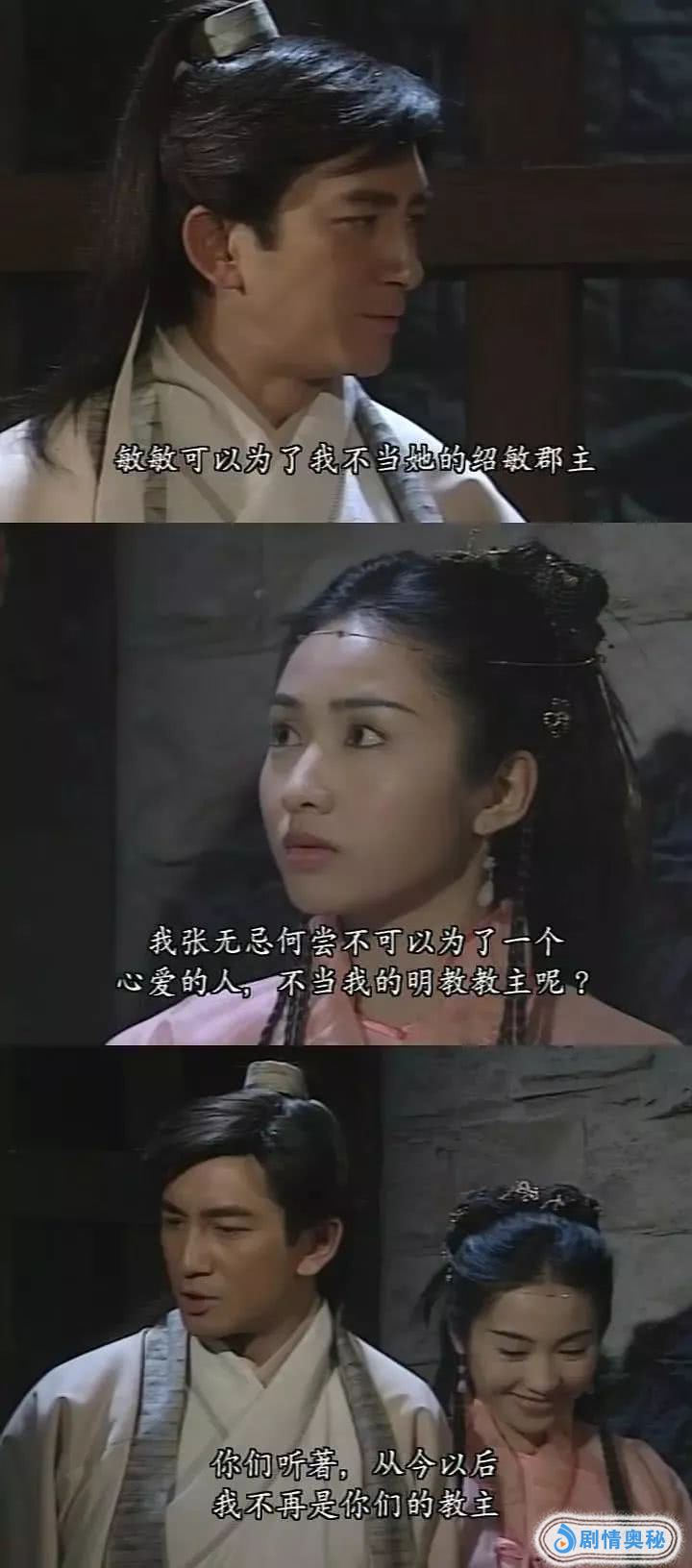 另外,《倚天屠龙记》重点并不是风月,而是侠义,比起男人和女人的纠葛,更明显表现男人和男人的纠葛。
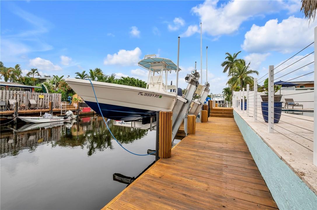 Stunning deep water, ocean access dream home with 65' on canal. You will love the open & spacious living areas, expanded primary suite with walk-around closet & center island, front entry space, fenced front lawn & driveway, 1.5 car garage, 15,000lb boat lift, expansive dockage & more! The list goes on & on. Beautifully renovated in 2019 including new roof, new electric, new PVC pipes, new windows, new kitchen, new bathrooms, new flooring & new lighting. Relax in your crystal blue salt chlorination pool with sun deck entry or chill under your tiki hut. You will be impressed as soon as you enter the home. The impact sliding doors offer great views and lead straight out to the pool & patio area. The open kitchen includes state of the art appliances. No expense has been spared.
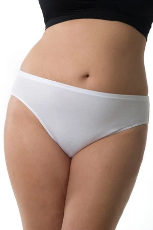 White high cut brief with elastic waist. 95% Cotton, 5% Spandex.
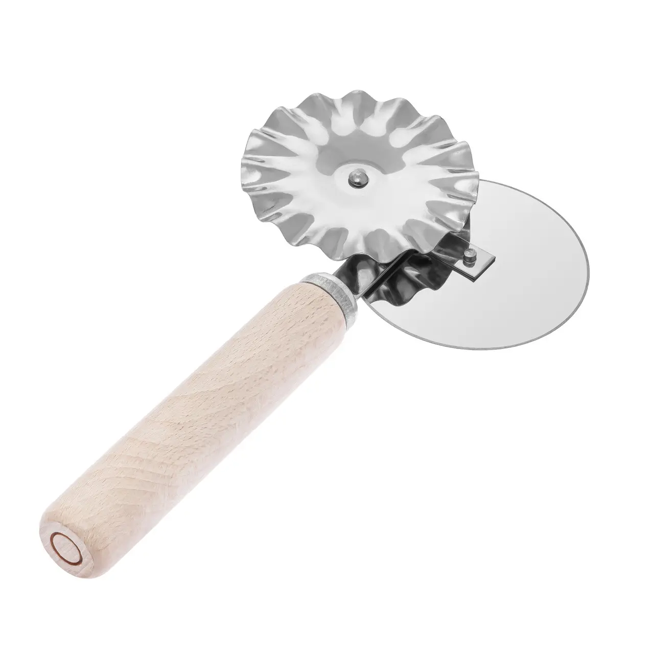 Ніж ролик фігурний зубчастий для тіста та вирізування чебуреків з дерев'яною ручкою Ø63х175 мм, Kitchette 85669
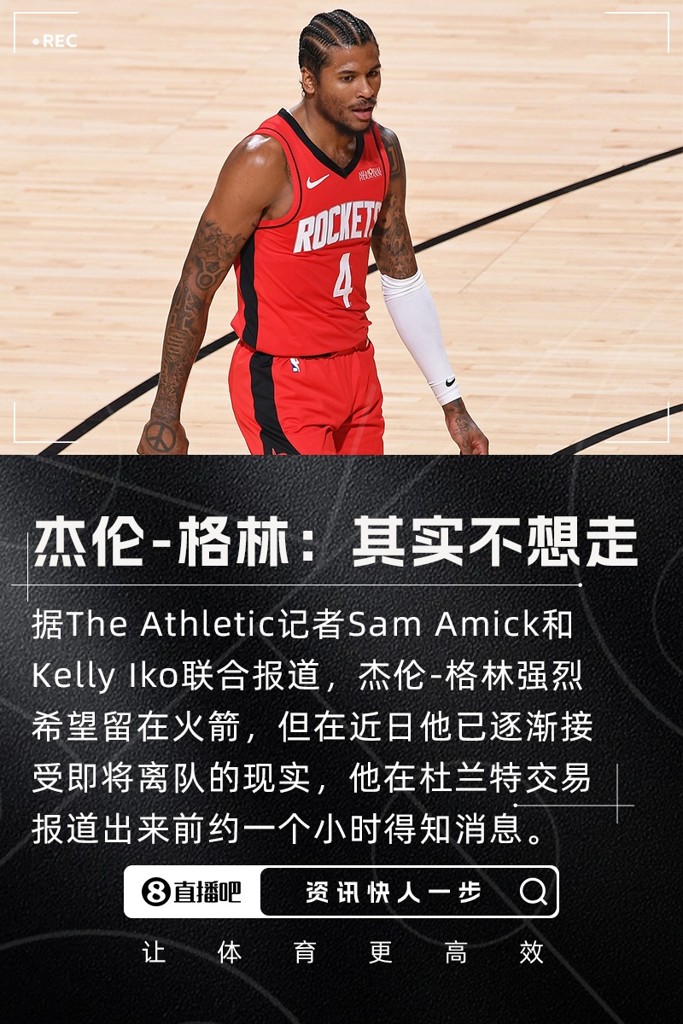 名记:杰伦-格林很想留在火箭 他在交易曝出前约一小时收到了消息

▬▬▬▬▬▬▬▬▬▬

Starting at the line with "Ніж ролик фігурний" and stopping at the final line of the material, reproduce each line exactly, both ends included. Leave the pictures out.

 Ніж ролик фігурний зубчастий для тіста та вирізування чебуреків з дерев'яною ручкою Ø63х175 мм, Kitchette 85669
 名记:杰伦-格林很想留在火箭 他在交易曝出前约一小时收到了消息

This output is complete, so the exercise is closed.